I am pretty confident that i have data showing this to be a post upgrade issue. Now the question is why.
Digging through the changes i noticed the bit about the firewall policy changes.
It still isn't clear to me WHY these two types of VPNs have different reactions to the state policy change introduced but there you have it.
I have updated the policy specifically for a rule i created permitting BGP across the tunnel and under Advanced there is the setting to adjust.I feel this needs a redmine but not sure. @stephenw10 what do you think?
-
IPSec has some unique features with how it's filtered.
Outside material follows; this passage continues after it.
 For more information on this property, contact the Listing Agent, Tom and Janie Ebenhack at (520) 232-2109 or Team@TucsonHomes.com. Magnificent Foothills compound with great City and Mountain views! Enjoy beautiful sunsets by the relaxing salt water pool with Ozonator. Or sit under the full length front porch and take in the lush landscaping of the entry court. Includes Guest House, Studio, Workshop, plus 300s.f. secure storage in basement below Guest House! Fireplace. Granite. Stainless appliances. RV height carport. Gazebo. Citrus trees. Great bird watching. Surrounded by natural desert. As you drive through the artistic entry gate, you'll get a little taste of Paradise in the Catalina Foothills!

What sort of IPSec tunnel(s) are you using, route or policy mode? How is the 'IPsec Filter Mode' set in IPSec Advanced Settings?
Depending on those you can have outbound states on the assigned interface and reply traffic on 'ipsec' and hence can be tripped up by the interface bound states.
-
@stephenw10
Howdy StephenI am using route based IPsec - VTI.
IPsec Filter Mode set to 'Filter IPsec Tunnel, Transport and VTI on IPsec tab'So are you saying there are two interfaces involved here? VTI and encap0 ?
If so i can logically see it being asymmetrical but i would like you to confirm. Its def a nuance point specifically with IPsec that should be documented i think. -
Yup pretty much exactly as you described it in the bug: https://redmine.pfsense.org/issues/15430.
The same issue that prevents NAT working on VTI interfaces. [https://bugs.freebsd.org/bugzilla/show_bug.cgi?id=248474](https://bugs.freebsd.org/bugzilla/show_bug.cgi?id=248474
-
@stephenw10
Makes sense.
Ive always wondered and you have more familiarity with whats being used out there but should i instead use the following?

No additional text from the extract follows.